The world is now faced with the problem of identifying the long-term implications for the confrontation between Islam and the West that follow from these three effects of the U.S. occupation of Iraq. The world has already suffered enormously as a result of endless confusion over the reasons for the continued U.S. presence in Iraq; the expectations about the impact of a U.S. withdrawal; and the degree to which Iraq was, is, or will be linked to the global jihad inspired by al Qua'ida. The depth and cost of this confusion demonstrates the urgency of achieving the best possible understanding of the future implications of the U.S. occupation.

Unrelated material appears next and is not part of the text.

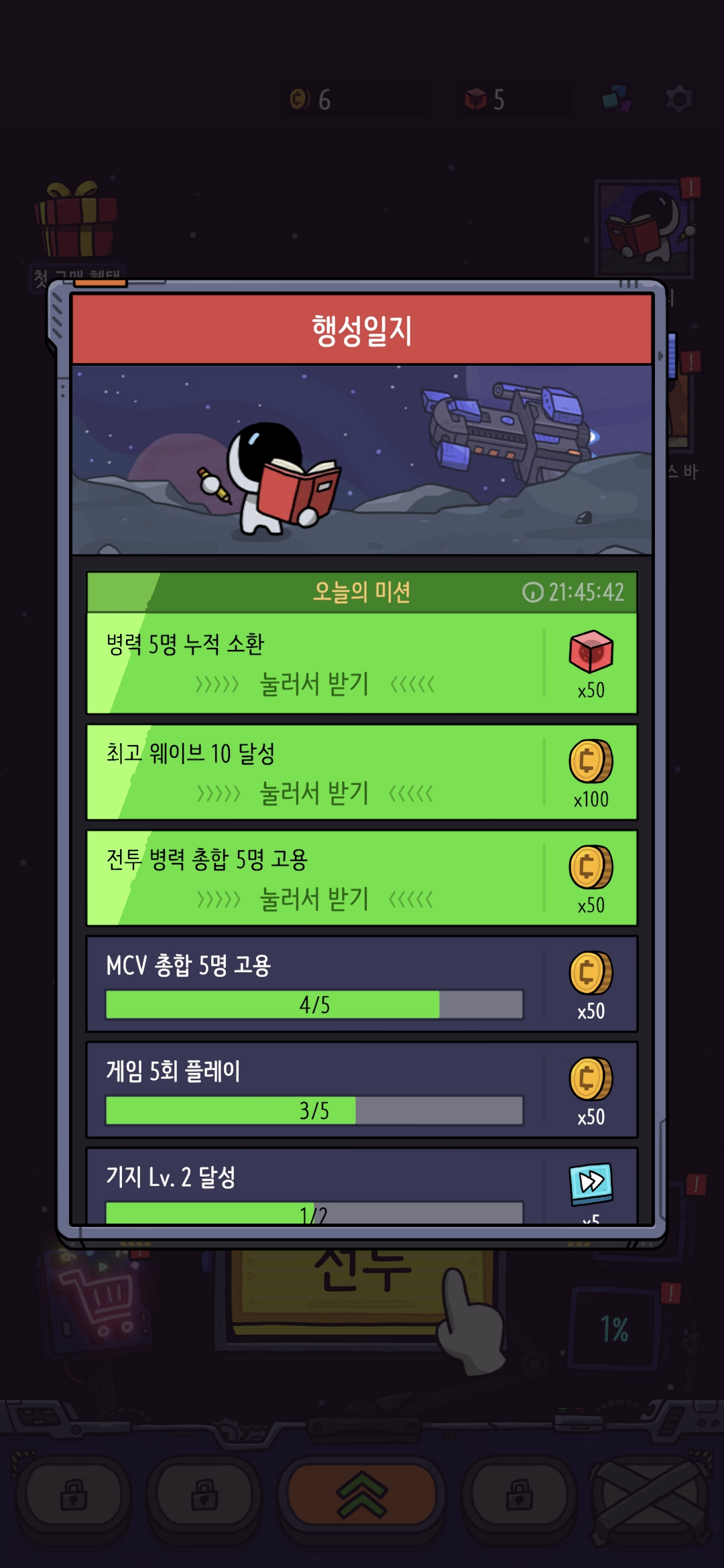 특정 Wave의 허들이 존재하기 때문에 조금 길게 오프라인보상, 미션을 수행하면서 연구를 최대한 진행하자.

Iraqi chaos will cause ferment throughout the Mideast for years to come as it draws country after country into highly competitive intervention in the Iraqi power vacuum. The Iraq-Iran relationship that attracts such American attention will be a microcosm of the broader regional situation. Iraq and Iran together make up a complex adaptive system, in which each state constitutes a smaller complex adaptive system. For one, this means that the two societies will evolve in response to each other. Neither has an immutable nature, nor will history repeat. Rather, each is evolving into something new, in part as a function of the evolution of the other. The table below, Impact of Effects from the Complexity Perspective, summarizes some of the developments that can be anticipated about the course of this evolution on the basis of various complexity theory concepts.

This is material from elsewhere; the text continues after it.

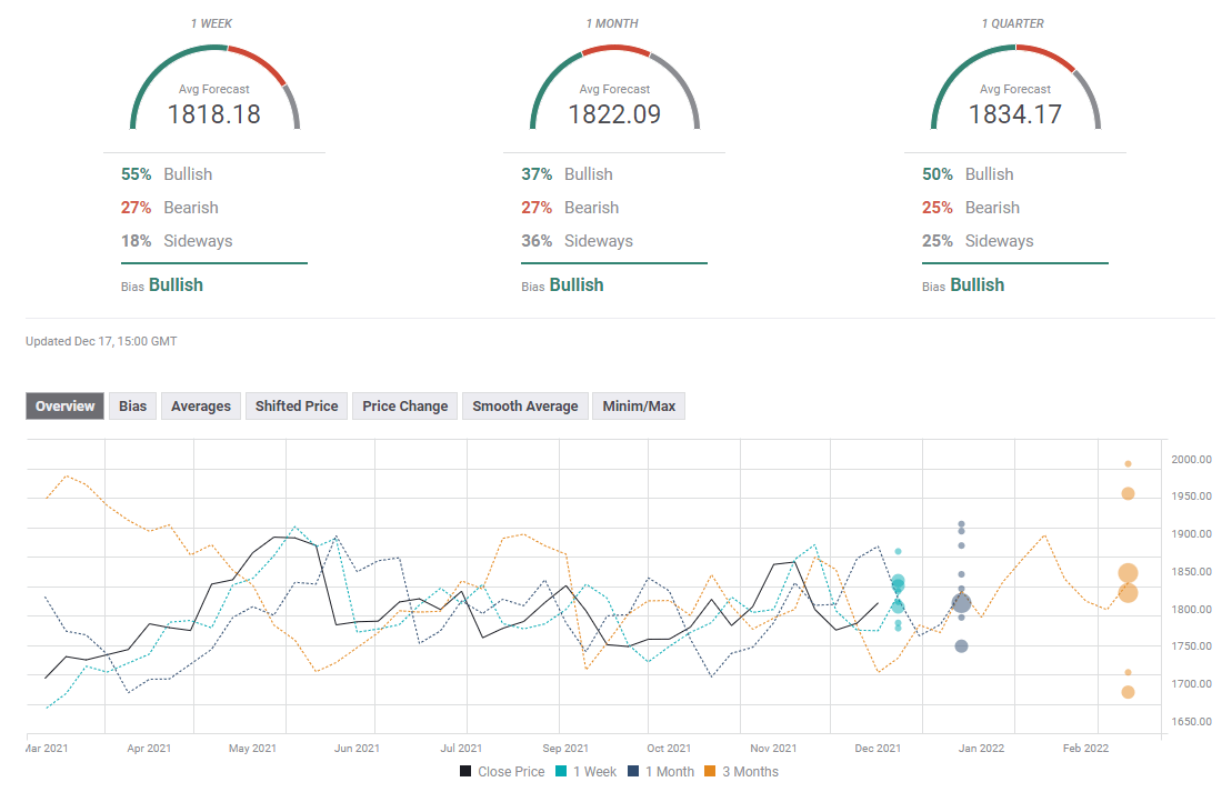 The FXStreet Poll also points to a bullish shift in the near term but suggests that gains could remain limited. The average targets for the one-week and one-month views align at $1,818 and $1,822, respectively.

Complex systems theory offers roughly a dozen basic concepts that can be used to help interpret international affairs, and, more specifically, to give some rigor to thinking about the future of international affairs. Four of these are selected here to offer a systematic approach to applying complexity theory to international affairs:

  • Emergence: the generation at one level (e.g., state) of counterintuitive behavior as the result of behavior at another level (e.g., individual);
  • Openness: the susceptibility of a system to external influence;
  • Path Dependence: the constraints on future behavior of past behavior;
  • Co-evolution: the tendency of system components to evolve in response to each other.

Given the close links between Iran and Iraq that have proliferated since the U.S. invasion, the two countries can, particularly for the purposes of analyzing Iraq, be viewed as components of a single system. Some of the impacts on the Iraq-Iran system that can be classified under each concept are summarized in the table for events to date and anticipated future developments.


Iraq and Iran are systems open to external influence but constrained by path dependence. Influence today will have a far different impact than it would have had five years ago because of the constraints imposed by the path of socio-economic collapse into deprivation, instability, ethnic conflict, and religious radicalization. The two societies are now so intimately linked that they will almost certainly co-evolve on many levels, each stimulating changes in the other. This may but does not necessarily mean that they will become increasingly similar, but whether the evolutionary stimuli tend to repel or attract, the two societies seem likely to remain tightly bound together for the foreseeable future.

One of the key lessons of complexity theory is to think in terms of evolution or adaptability rather than stability or equilibrium. Assume change, possibly abrupt, and focus on how to prepare for and influence it rather than assuming stability and planting one's feet in the path of an avalanche. The analytical question then becomes one of how to antipate change. We have seen the emergence in the Islamic world of a global jihad and the emergence in Iraq of ethnic self-identification replacing Iraqi self-identification. Can we develop an analytical process for anticipating the next new set of norms, new socio-political structure, or new form of behavior? In a word, can concepts such as co-evolution and path dependence help us to anticipate the emergence of the next surprise?